* _Work instructions_
Pictures appear among the records below and must be omitted. Repeat exactly the lines from the line with "サイバー犯罪のエコシステムは" to the line with "Cette ravissante composition", both included.

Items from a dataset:
========================================

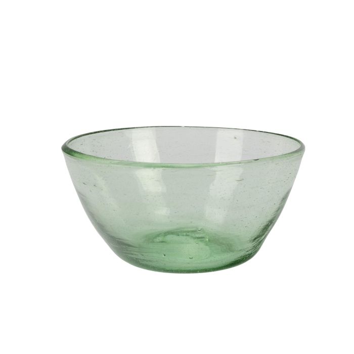 Diese handgeblasene Schale aus recyceltem Glas bringt frisches Grün in die Küche! Mit 9,5 cm Höhe und einem Durchmesser von 21 cm eignet sie sich perfekt für Snacks, Salate oder Desserts. Hergestellt wird die Schale von der Khaled-Gruppe in Kairo, die unter der ägyptischen Fairhandelsorganisation Yadawee arbeitet und traditionellen Glasbläsertechniken folgt. Jede Schale weist die charakteristische Bläschenstruktur auf und ist ein nachhaltiges Einzelstück für umweltbewusste Haushalte.
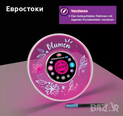 Страхотна детска Bluetooth тонколона 10 в 1 с гласово управление, фантастична светлинна рамка, музикален будилник, предварително инсталирана музика, игри, вицове и пъзели!
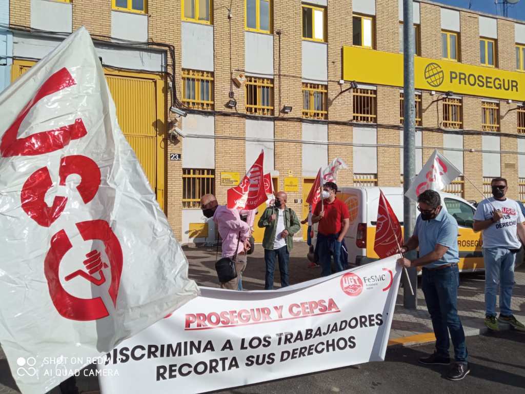 Continuando con las acciones emprendidas por la FTSP-USO Andalucía, junto a otras organizaciones sindicales, en esta ocasión nos hemos manifestado en la sede central de Prosegur Sevilla en protesta por el reiterado incumplimiento de derechos en su cliente Cepsa refineria en Huelva.
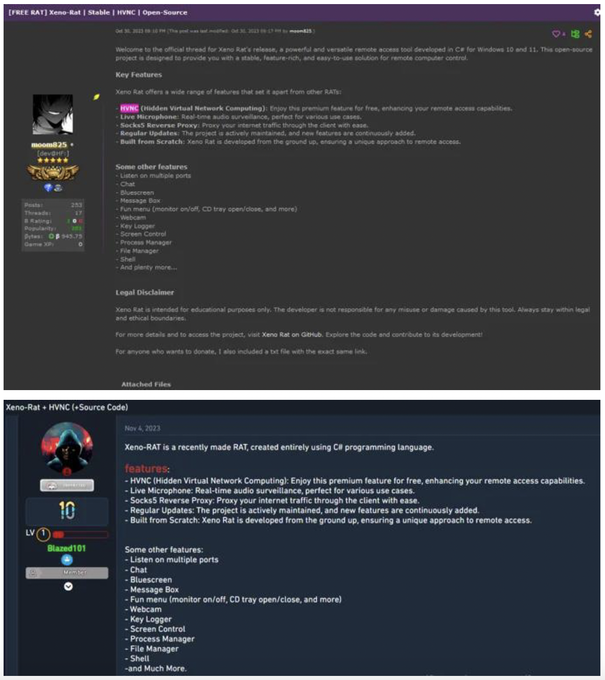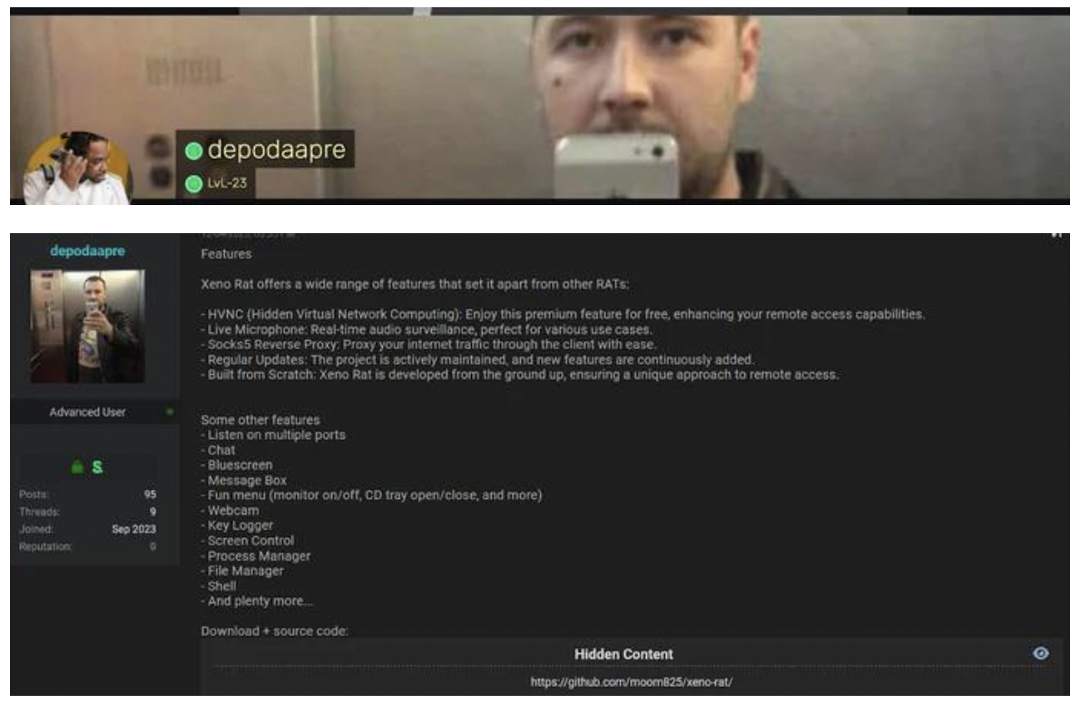 サイバー犯罪のエコシステムは、マルウェアフォーラムやダークウェブマーケットプレイスを介して、高度なツールやサービスが取り引きされるためのハブとして機能しています。このようなフォーラムの画面キャプチャを見ると、hRDP拡張ツールやXeno RATのようなマルウェアのリストがあることが分かります。これは、そのような機能が広く入手可能であり、かつ需要があることを示しています。
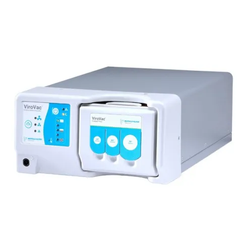 ViroVac® surgical smoke plume evacuator provides ideal flow for physician offices and outpatient surgery centers. It combines customizable (variable) filter life, a compact shelf design, 3-port filter with filter life tracking technology, while exceeding expectations for value and efficacy. Includes one filter and one footswitch.
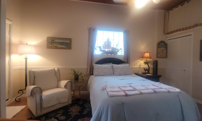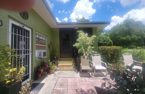 Fall in love with this Private Garden Efficiency. Just 1 mile from Downtown Ocala. Yet tucked away in this charming historic neighborhood with towering oaks & tree lined sidewalks. Private entrance to the Garden Efficiency that is all yours. It is attached to my home by 1 wall. Enjoy the small kitchenette with Quirig coffee, tea, water & snacks provide. As well as a large mini fridge with seperate freezer, microwave & toaster. Relax just outside your door on the bricked garden patio with chairs & a lounger. Guests are also welcome to enjoy the screened patio with comfy overstuffed rockers. Silver Springs is less than 10 minutes up the road. The World Equestrian Center is 25 minutes away. Downtown Ocala is a mile away, offering resteraunts, shopping, events, nightlife & 2 hospitals. This unit is perfect for 1 or 2 people . The washer & dryer is available to guests staying 3+ nights.
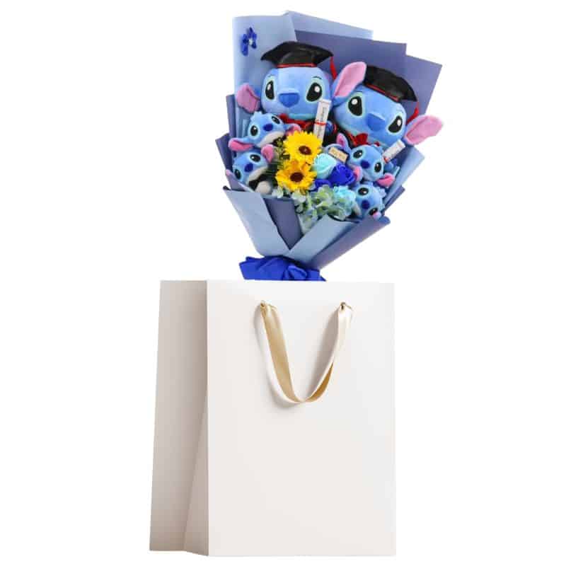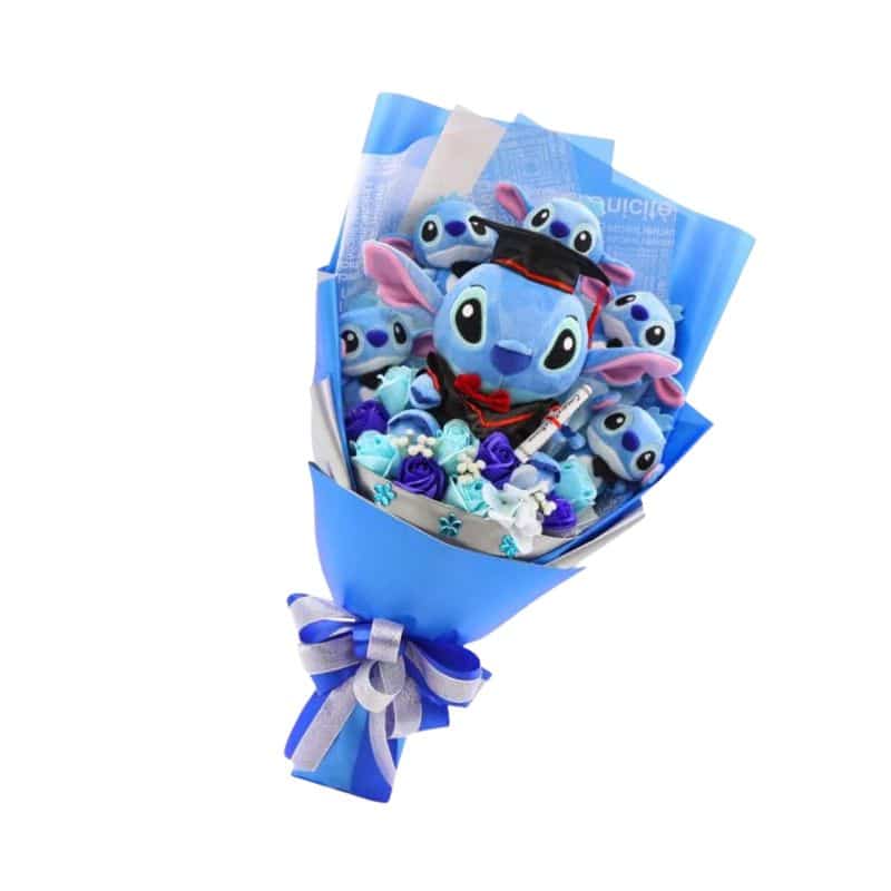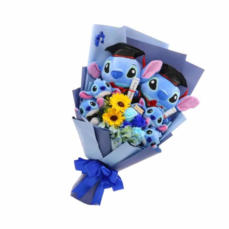 Cette ravissante composition rassemble des peluches Stitch de 20 à 46 cm arrangées avec soin dans un ensemble floral d’environ 48 cm de hauteur. Ornée de fleurs artificielles délicates, elle convient parfaitement aux anniversaires et moments tendres. Les doudous moelleux aux expressions attachantes créent une surprise mémorable qui enchantera petits et grands.
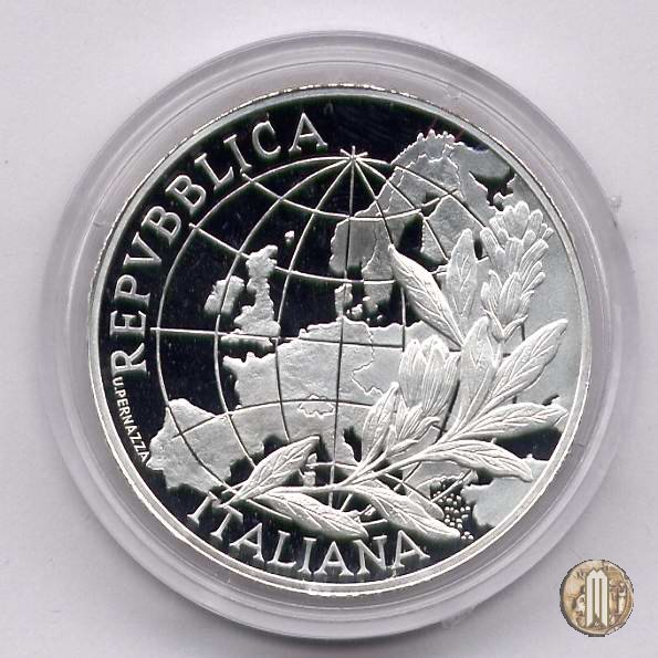 Moneta emessa in un Dittico con il 5 Euro L'Europa dei Popoli Decreto Emissione: Decreto 15 Aprile 2003 n° 37806 GU 113 del 17 Maggio 2003 Decreto Corso Legale: Decreto 20 Novembre 2003 n° 105880 GU 291 del 16 Dicembre 2003 Decreto Rideterminazione Contingente: Decreto 7 Giugno 2004 n° 54448 GU 152 del 1° Luglio 2004 Corso Legale: 15 Dicembre 2003 | |||||||||

========================================

* _Worked solution_
 サイバー犯罪のエコシステムは、マルウェアフォーラムやダークウェブマーケットプレイスを介して、高度なツールやサービスが取り引きされるためのハブとして機能しています。このようなフォーラムの画面キャプチャを見ると、hRDP拡張ツールやXeno RATのようなマルウェアのリストがあることが分かります。これは、そのような機能が広く入手可能であり、かつ需要があることを示しています。
 ViroVac® surgical smoke plume evacuator provides ideal flow for physician offices and outpatient surgery centers. It combines customizable (variable) filter life, a compact shelf design, 3-port filter with filter life tracking technology, while exceeding expectations for value and efficacy. Includes one filter and one footswitch.
 Fall in love with this Private Garden Efficiency. Just 1 mile from Downtown Ocala. Yet tucked away in this charming historic neighborhood with towering oaks & tree lined sidewalks. Private entrance to the Garden Efficiency that is all yours. It is attached to my home by 1 wall. Enjoy the small kitchenette with Quirig coffee, tea, water & snacks provide. As well as a large mini fridge with seperate freezer, microwave & toaster. Relax just outside your door on the bricked garden patio with chairs & a lounger. Guests are also welcome to enjoy the screened patio with comfy overstuffed rockers. Silver Springs is less than 10 minutes up the road. The World Equestrian Center is 25 minutes away. Downtown Ocala is a mile away, offering resteraunts, shopping, events, nightlife & 2 hospitals. This unit is perfect for 1 or 2 people . The washer & dryer is available to guests staying 3+ nights.
 Cette ravissante composition rassemble des peluches Stitch de 20 à 46 cm arrangées avec soin dans un ensemble floral d’environ 48 cm de hauteur. Ornée de fleurs artificielles délicates, elle convient parfaitement aux anniversaires et moments tendres. Les doudous moelleux aux expressions attachantes créent une surprise mémorable qui enchantera petits et grands.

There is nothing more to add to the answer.